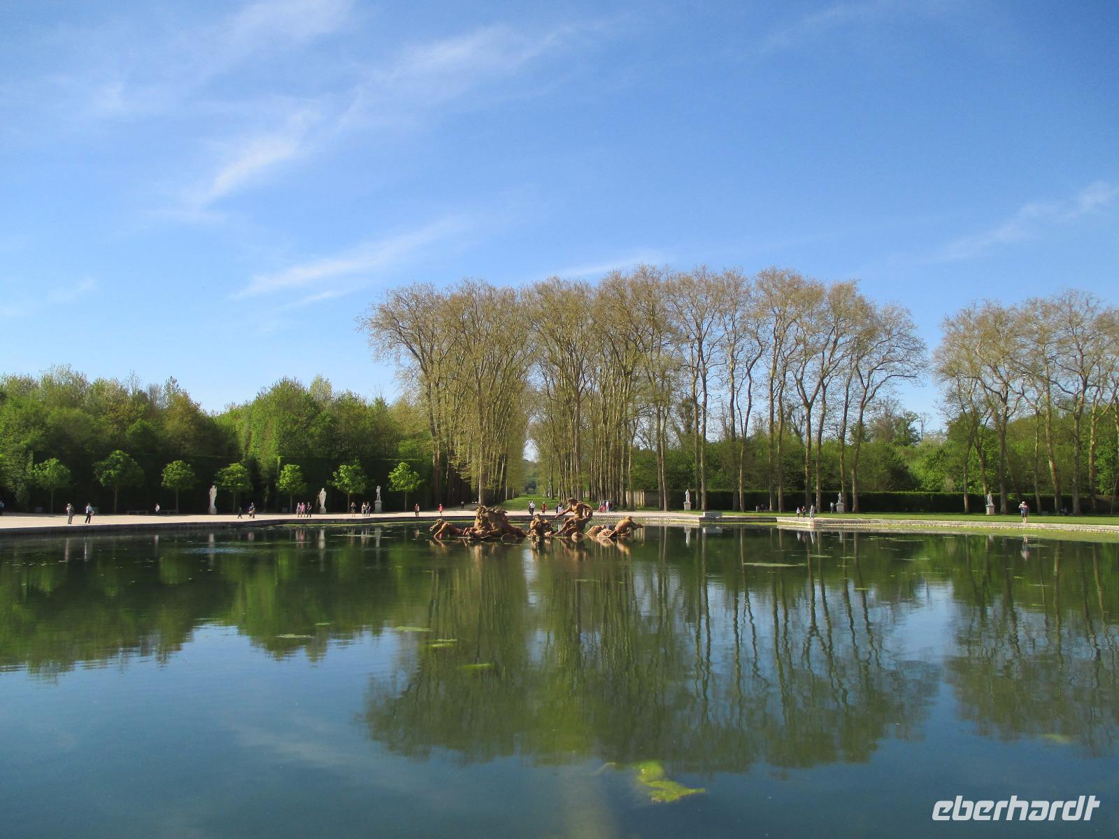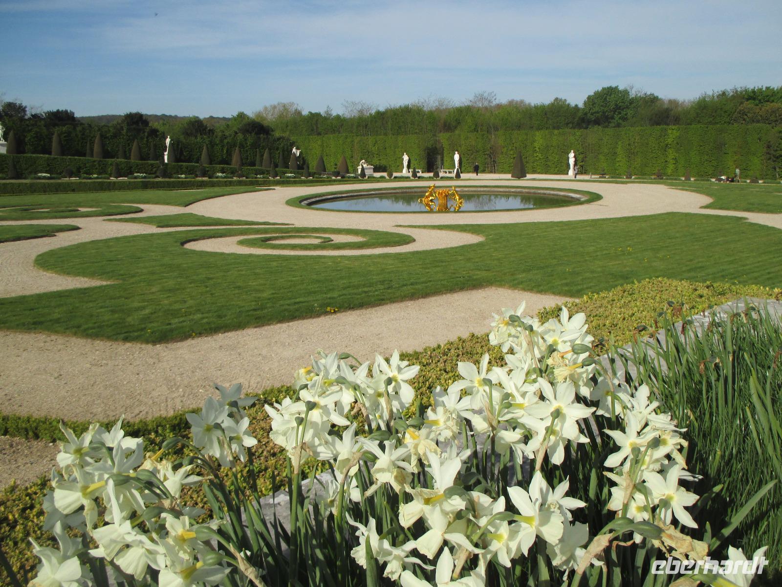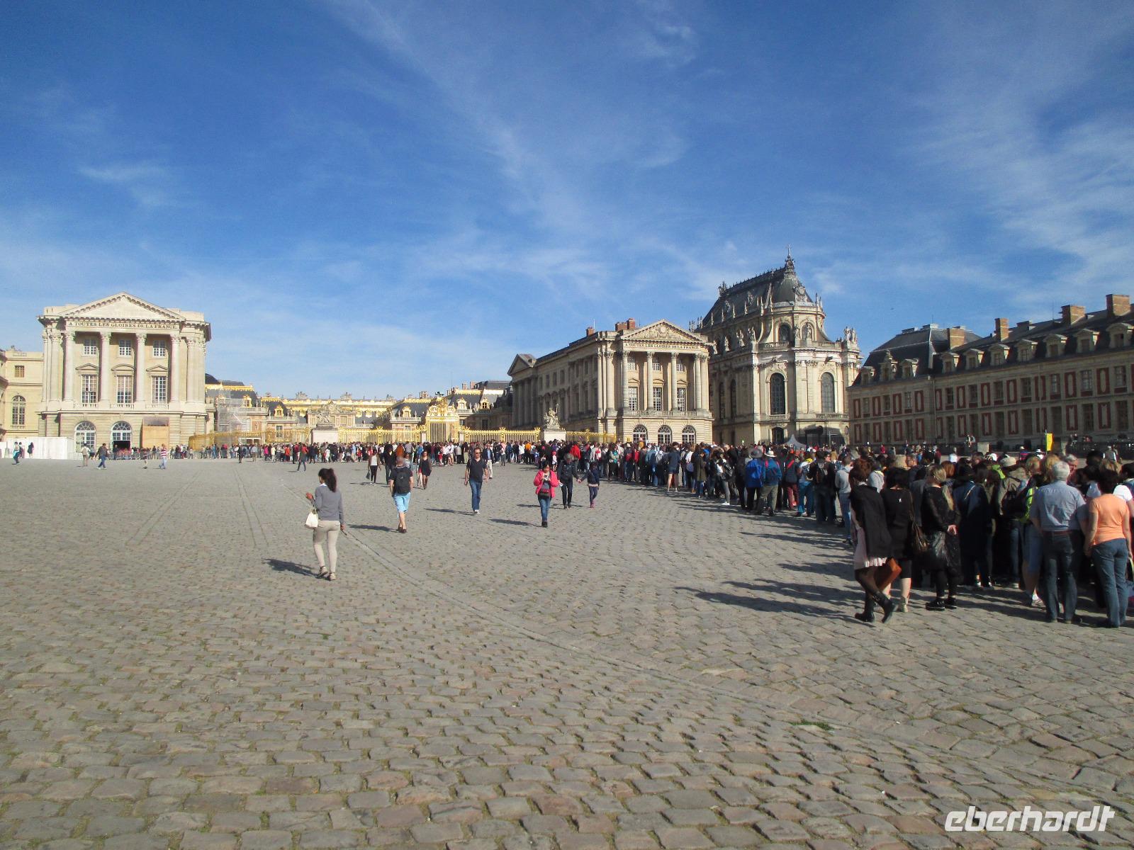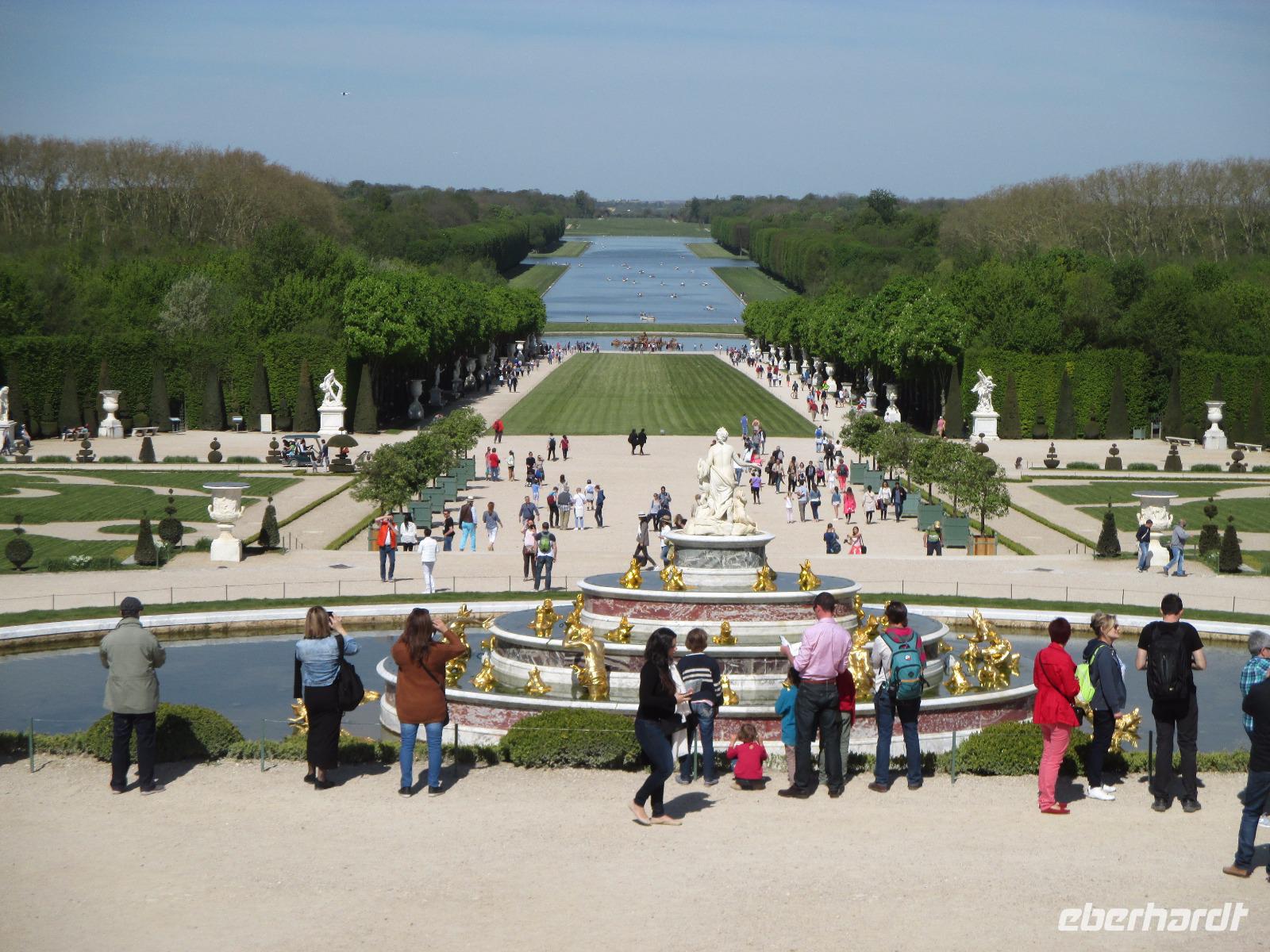 Wir sind vor neun Uhr an Schloss und die Schlange der Wartenden ist heute noch recht kurz. Tickets haben wir schon! Da wir mit die ersten Gäste sind, können wir mit unseren Audioguides die ganze Anlage noch recht entspannt bewundern. noch nicht bepflanzt und in den schönen Brunnen sprudelt das Wasser nur an den Wochenenden für eine Stunde.
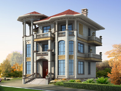 E0195大氣的三層歐式別墅設計外觀效果圖,鼎川建筑私人定制
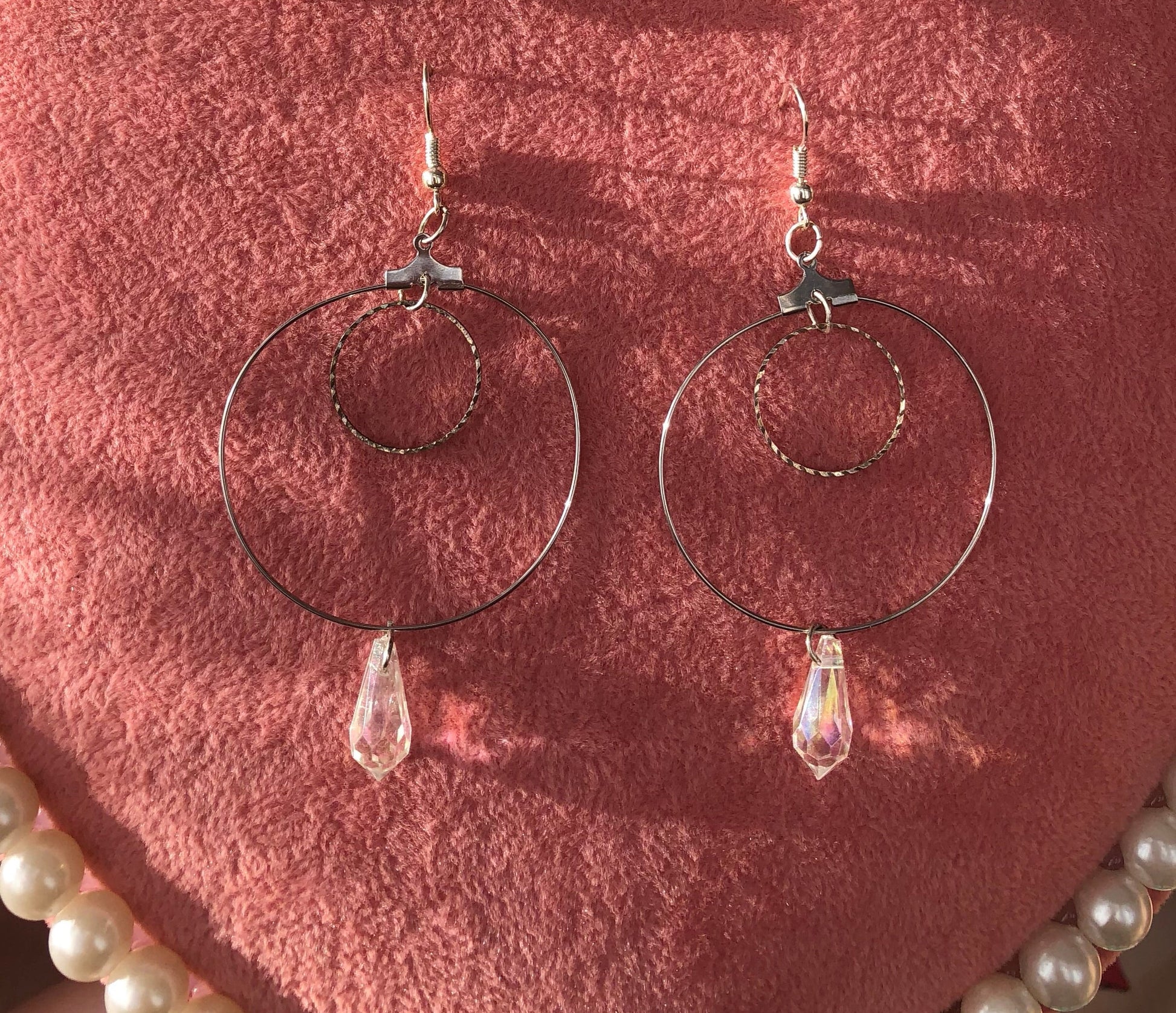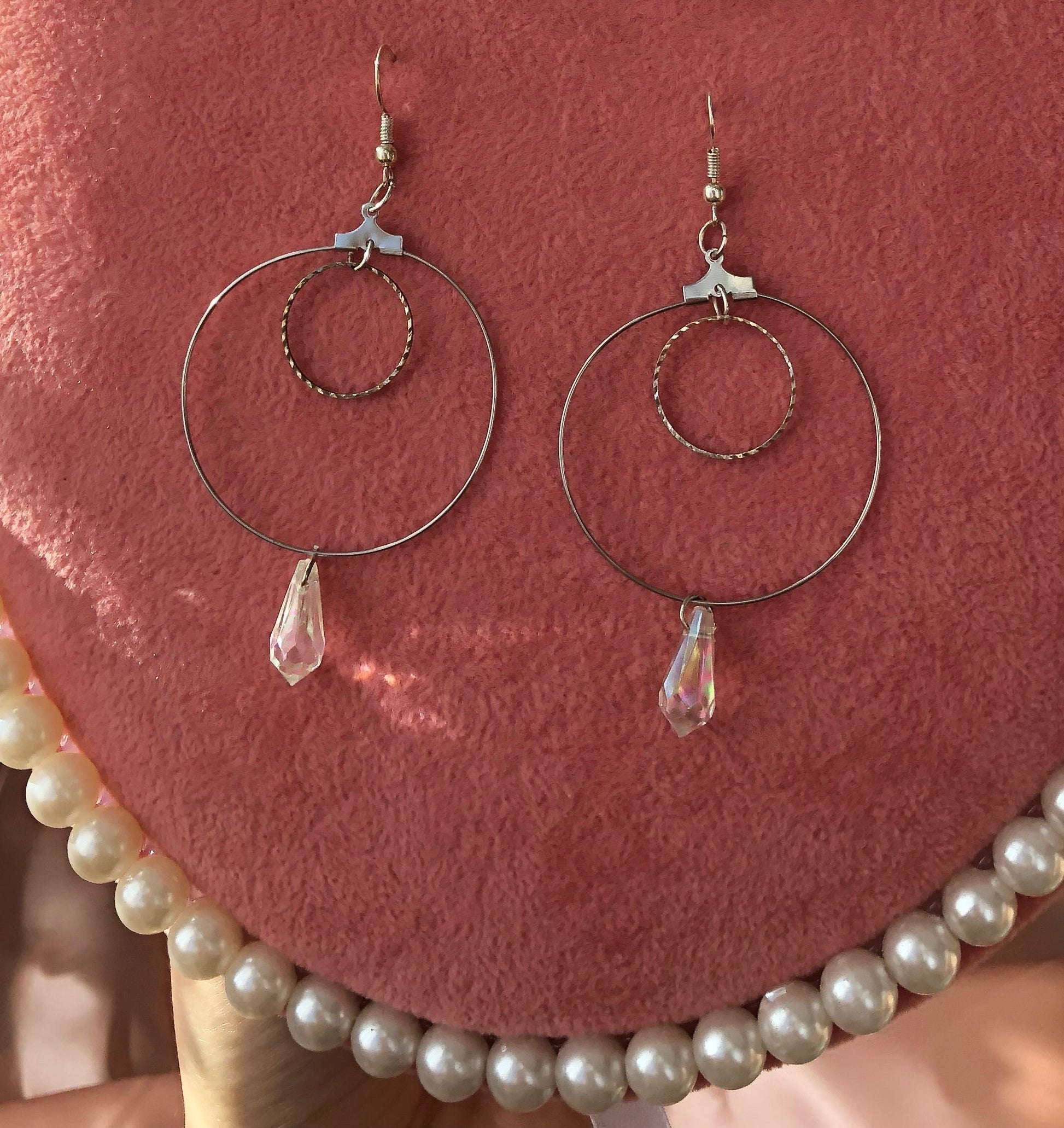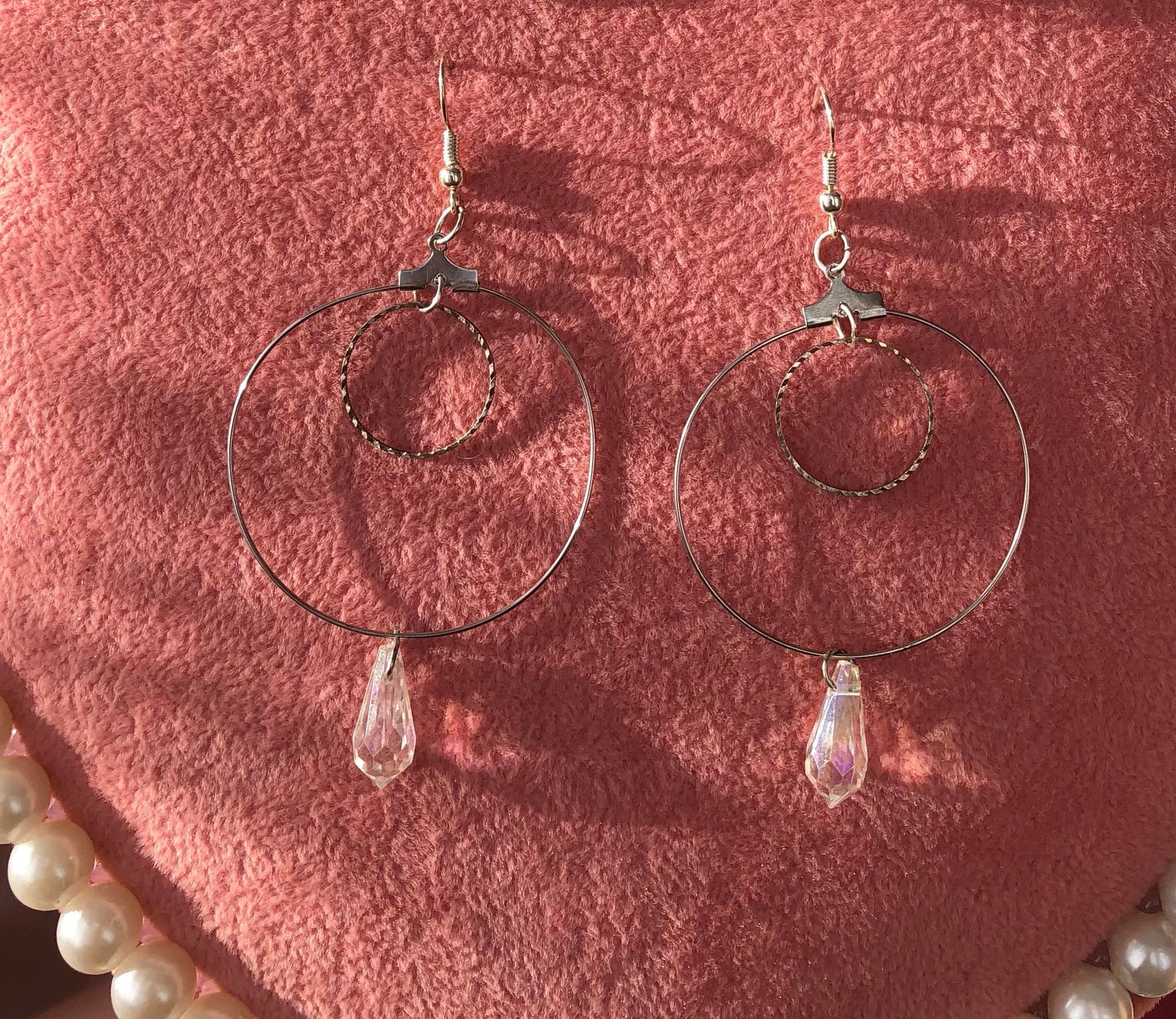Beautiful earrings with textured circles and crystal pendant details.
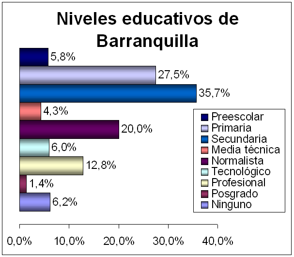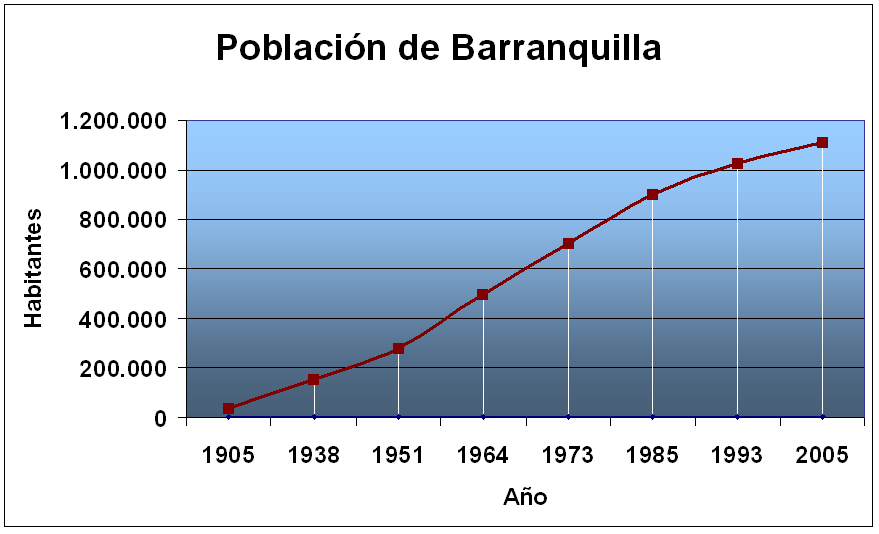 2005년 DANE 인구 조사에 따르면, 2007년 6월 30일 기준 바랑키야 인구는 1,148,506명이며, 대도시권 인구는 1,821,517명이다.[109] 이는 콜롬비아 카리브 해안에서 가장 인구가 많은 도시이며, 보고타, 메데인, 칼리에 이어 전국에서 네 번째로 큰 도시이다.[110] 도시 지역에 약 1,144,470명, 농촌 지역에 4,036명이 거주하고 있으며, 인구 밀도는 평방킬로미터당 6918.71명이다. 인구의 47.5%가 남성이고 나머지 52.5%가 여성이다. 가구의 약 57.9%가 4명 이하이다. 도시 인구의 26.7%는 다른 지방자치단체에서 태어났고 0.4%는 다른 나라에서 태어났다. 바랑키야 인구의 5.3%는 영구적인 장애를 가지고 있다.[109]
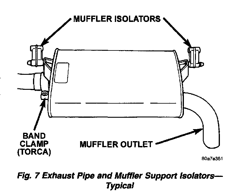 2. Loosen band clamp and remove support insulators at muffler. Remove muffler from exhaust pipe.

> **PROMPT**
Write the listing out exactly, word for word, but omit the pictures.

> **TASK ANSWER**
 Wir sind vor neun Uhr an Schloss und die Schlange der Wartenden ist heute noch recht kurz. Tickets haben wir schon! Da wir mit die ersten Gäste sind, können wir mit unseren Audioguides die ganze Anlage noch recht entspannt bewundern. noch nicht bepflanzt und in den schönen Brunnen sprudelt das Wasser nur an den Wochenenden für eine Stunde.
 E0195大氣的三層歐式別墅設計外觀效果圖,鼎川建筑私人定制
Beautiful earrings with textured circles and crystal pendant details.
 2005년 DANE 인구 조사에 따르면, 2007년 6월 30일 기준 바랑키야 인구는 1,148,506명이며, 대도시권 인구는 1,821,517명이다.[109] 이는 콜롬비아 카리브 해안에서 가장 인구가 많은 도시이며, 보고타, 메데인, 칼리에 이어 전국에서 네 번째로 큰 도시이다.[110] 도시 지역에 약 1,144,470명, 농촌 지역에 4,036명이 거주하고 있으며, 인구 밀도는 평방킬로미터당 6918.71명이다. 인구의 47.5%가 남성이고 나머지 52.5%가 여성이다. 가구의 약 57.9%가 4명 이하이다. 도시 인구의 26.7%는 다른 지방자치단체에서 태어났고 0.4%는 다른 나라에서 태어났다. 바랑키야 인구의 5.3%는 영구적인 장애를 가지고 있다.[109]
 2. Loosen band clamp and remove support insulators at muffler. Remove muffler from exhaust pipe.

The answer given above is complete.